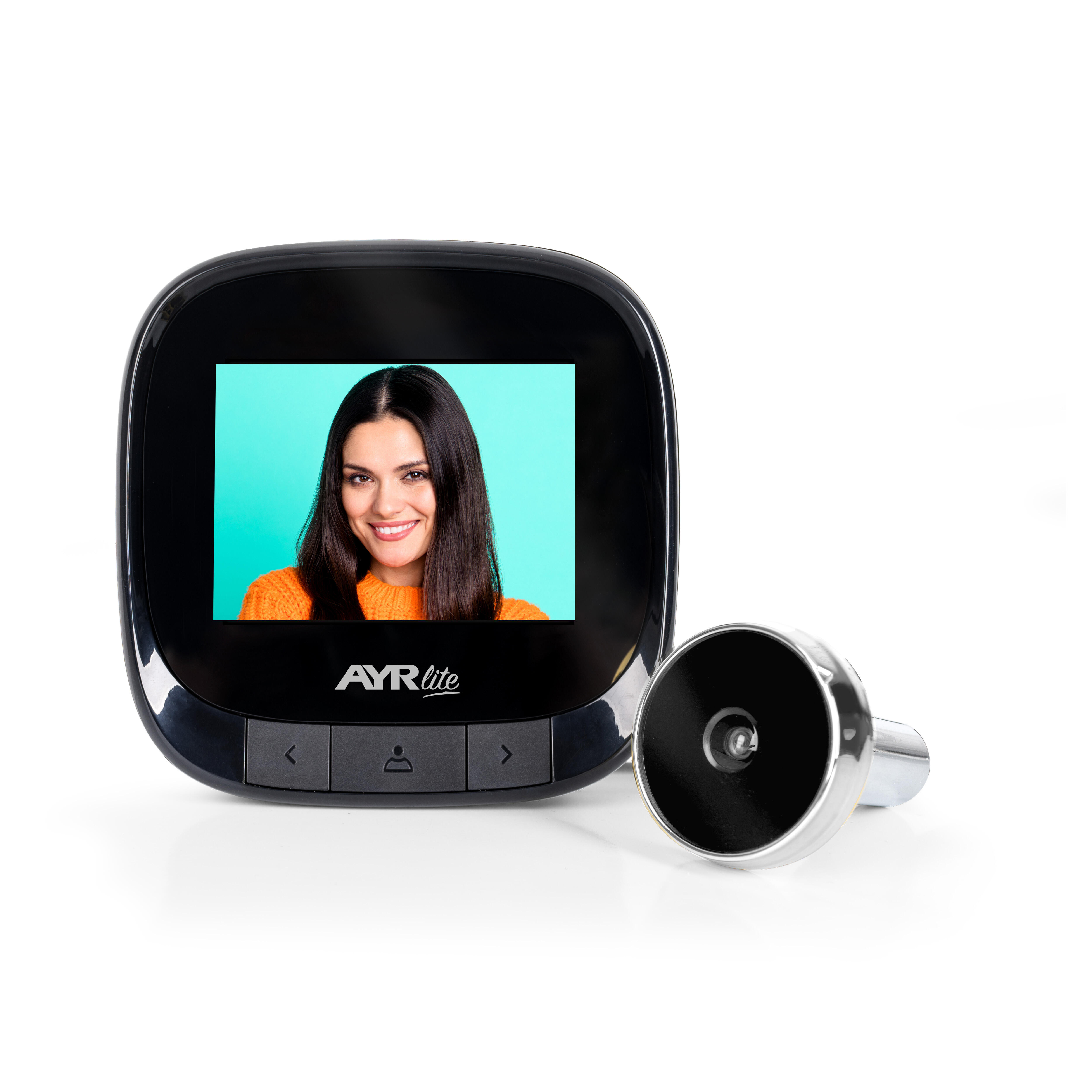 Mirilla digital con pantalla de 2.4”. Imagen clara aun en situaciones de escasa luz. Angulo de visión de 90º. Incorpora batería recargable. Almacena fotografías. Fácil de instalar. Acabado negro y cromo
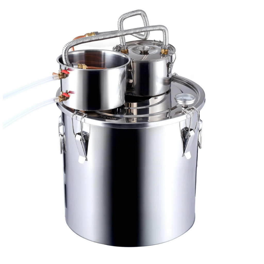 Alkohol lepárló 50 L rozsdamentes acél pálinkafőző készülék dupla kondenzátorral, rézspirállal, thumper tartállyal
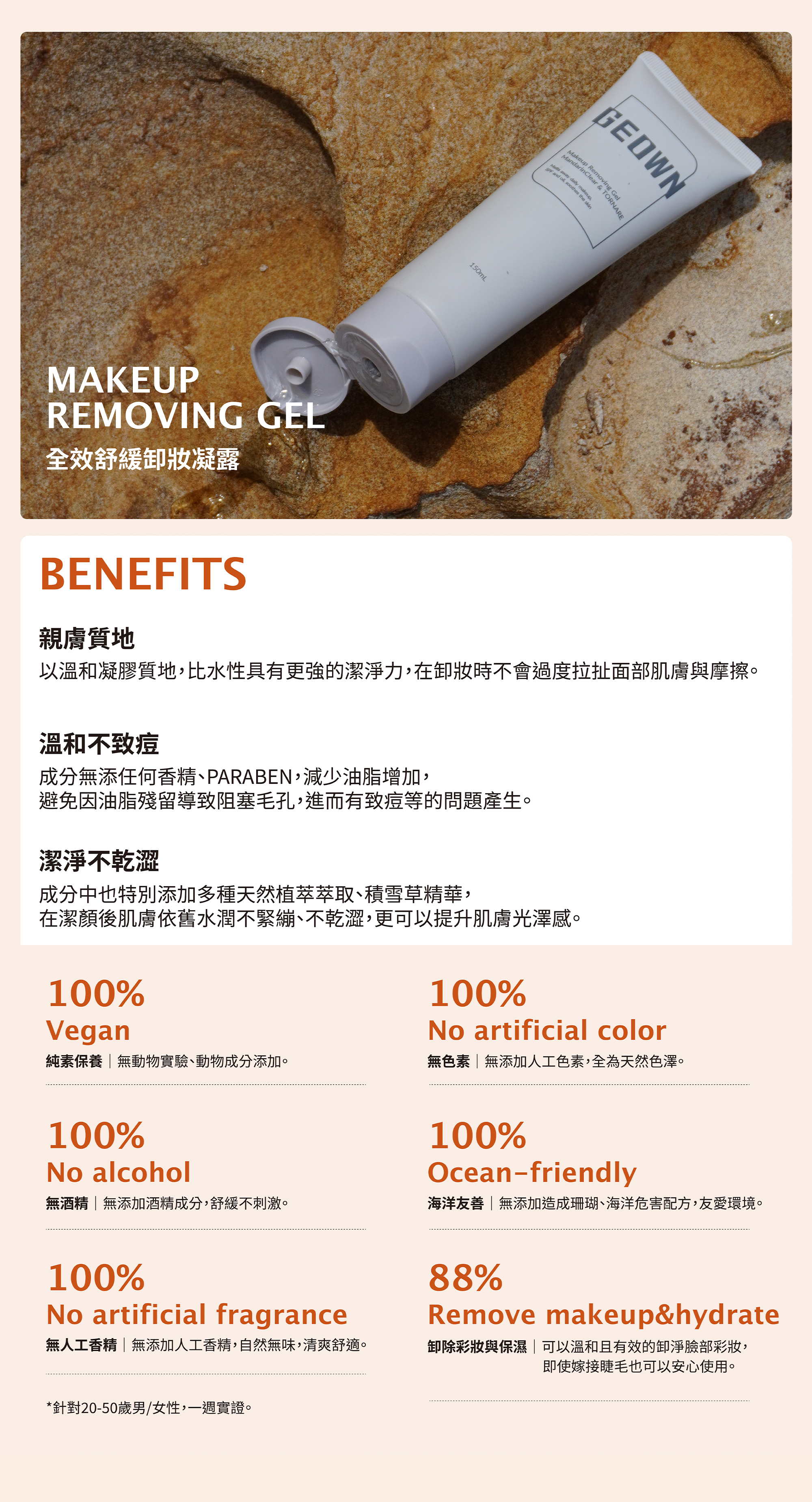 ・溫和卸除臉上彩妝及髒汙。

────────

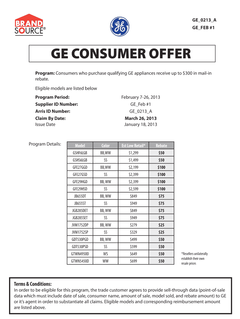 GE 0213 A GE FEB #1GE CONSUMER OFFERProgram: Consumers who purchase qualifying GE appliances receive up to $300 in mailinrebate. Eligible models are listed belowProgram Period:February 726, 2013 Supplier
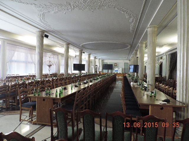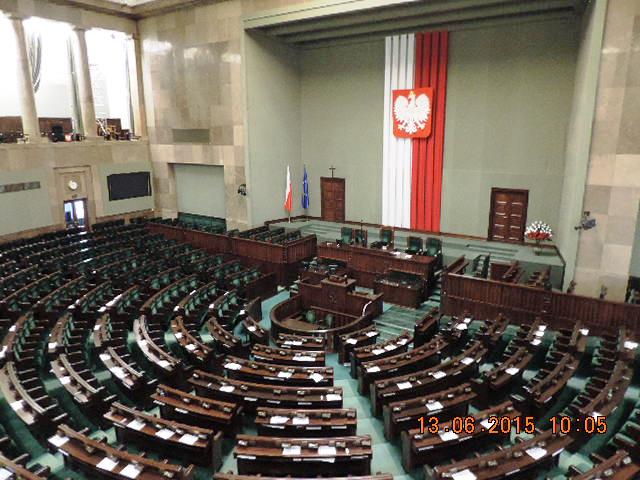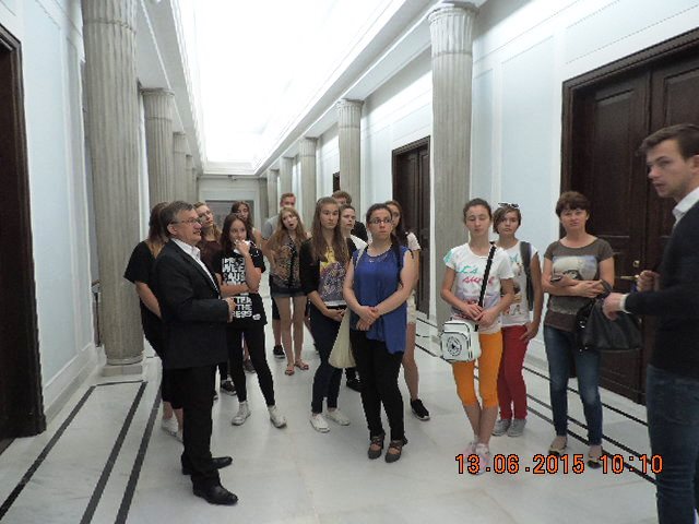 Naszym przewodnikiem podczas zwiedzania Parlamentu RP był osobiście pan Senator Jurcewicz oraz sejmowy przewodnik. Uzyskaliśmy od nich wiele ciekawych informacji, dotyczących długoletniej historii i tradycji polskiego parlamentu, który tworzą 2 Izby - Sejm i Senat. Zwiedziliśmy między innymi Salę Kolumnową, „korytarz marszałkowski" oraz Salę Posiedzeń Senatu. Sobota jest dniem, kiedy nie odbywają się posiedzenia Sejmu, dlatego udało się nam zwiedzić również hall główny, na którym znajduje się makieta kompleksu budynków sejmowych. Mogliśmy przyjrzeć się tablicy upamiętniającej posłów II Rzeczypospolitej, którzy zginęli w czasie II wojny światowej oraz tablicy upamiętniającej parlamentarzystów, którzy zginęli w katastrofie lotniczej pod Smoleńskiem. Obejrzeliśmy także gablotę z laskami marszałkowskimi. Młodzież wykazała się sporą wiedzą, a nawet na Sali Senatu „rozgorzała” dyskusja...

────────

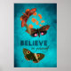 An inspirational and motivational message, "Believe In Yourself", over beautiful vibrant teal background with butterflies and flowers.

────────

From the line with "Mirilla digital con" up to and including the line with "Alkohol lepárló 50" above, retype every line exactly and nothing more; leave out the pictures.

_ANSWER AREA_.
 Mirilla digital con pantalla de 2.4”. Imagen clara aun en situaciones de escasa luz. Angulo de visión de 90º. Incorpora batería recargable. Almacena fotografías. Fácil de instalar. Acabado negro y cromo
 Alkohol lepárló 50 L rozsdamentes acél pálinkafőző készülék dupla kondenzátorral, rézspirállal, thumper tartállyal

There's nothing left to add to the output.